Z całego serca, wszystkiego dobrego Ci życzę i powodzenia. Jak masz potrzebę czegoś z siebie wyrzucić, śmiało rób to na forum. Trzymaj się mocno i nigdy nie puszczaj, tego Ci życzę, a jak już nawet puścisz to ważne abyś wstała
Ja niezbyt rozumiem: chciałaś by On był Twoim chłopakiem czy nie?
Bo jeśli tak, to Twoje zachowanie było sprzeczne i Ty popsulaś relację.
Jeśli nie i między wami było ustalone że to przyjażn , to przyjaciel nie ma prawa oczekiwać wyłączności, ale czasu już tak.
Więc niezbyt rozumiem waszą relację.
4 2022-06-27 08:15:44 Ostatnio edytowany przez Salomonka (2022-06-27 08:19:24)
......kupił mi wino które obiecał mi miesiąc wcześniej i powiedział że "spłaca dług" i coś zaczęło mi nie pasować, aż nagle mnie zamurowało.
Stwierdził że czas zakończyć naszą znajomość ponieważ nie poświęcam mu tyle uwagi ile on potrzebuje,
(ja byłąm dla niego najważniejsza, byłam na samej górze priorytetów a on dla mnie później przestał juz być taki ważny),
że nie okazuje mu jakiejkolwiek czułości (wstydzę się nawet kogoś przytulić),
że zbyt dużo tematów jest dla mnie tabu i że mamy kompletnie rozbieżne charaktery.

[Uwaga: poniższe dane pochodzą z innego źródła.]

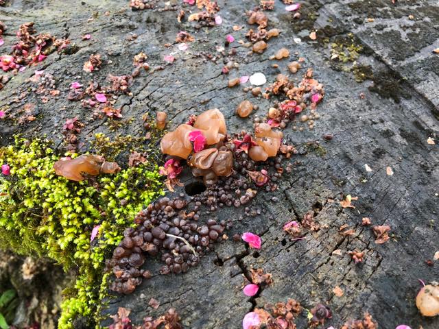 雨上がりの北野天満宮。キクラゲやアラゲキクラゲが元気になっていた。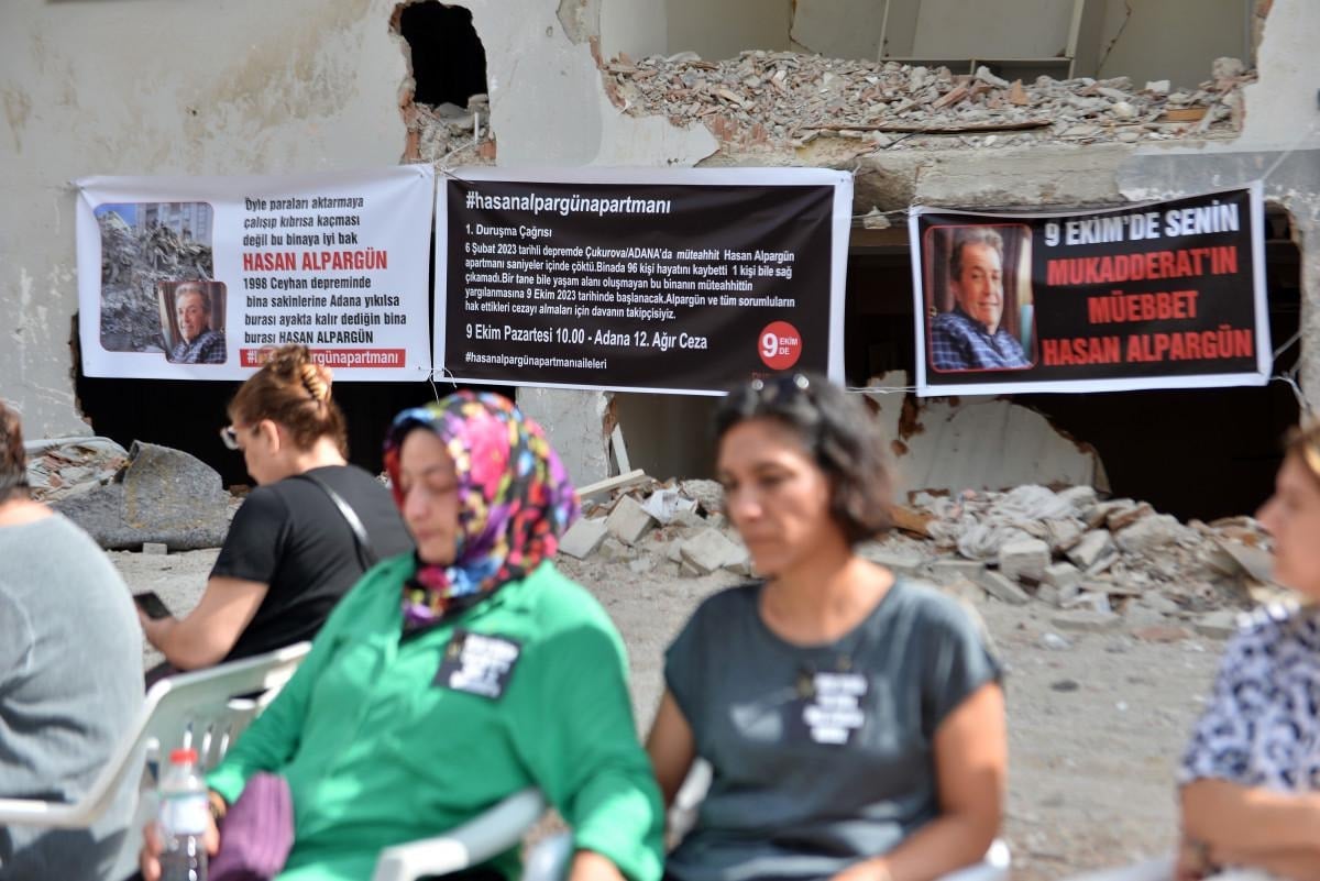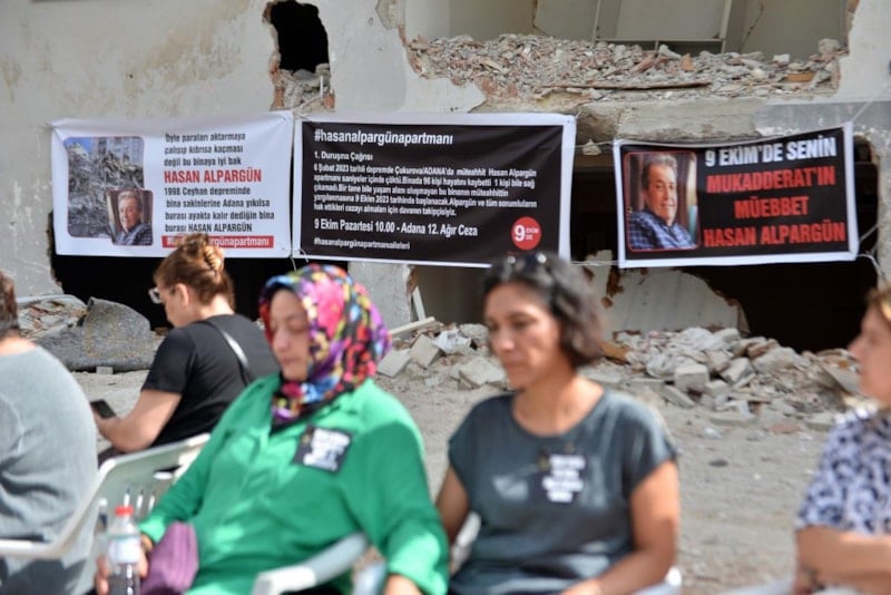 Adana 12'nci Ağır Ceza Mahkemesi'nde 9 Ekim'de görülecek duruşma öncesi yakınlarını kaybedenler, bina enkazında toplandı.

Zaproponował żebyśmy odkleili od siebie przylepkę przyjaciół i zostańmy po prostu kolegami, zgodziłam się.
Dopiero jak wróciłam do domu dotarło do mnie co się stało, ryczałam całą noc.
..
Ja też chyba czegoś tu nie rozumiem; Na jakiej górze jego priorytetów ty byłaś? Czy w przyjaźni liczy się to z kim się umawiasz, czy po prostu to że jesteś? Przyjaciel nie żąda podporządkowania się i dostosowania wszystkiego w życiu "pod niego". To nie była żadna przyjaźń tylko jakiś niezdrowy układ, w którym on coś dawał i robił bilans, czy mu się to opłaca. Wierności i oddania można wymagać w związku ale nie w przyjaźni.
Jeśli jednak to nie była tylko przyjaźń, to sorry, co tobą kierowało gdy go zaczęłaś oszukiwać i okłamywać? Przyznam się, że cię nie rozumiem, a ty sama siebie rozumiesz? Potrafisz sobie odpowiedzieć na pytanie; Dlaczego?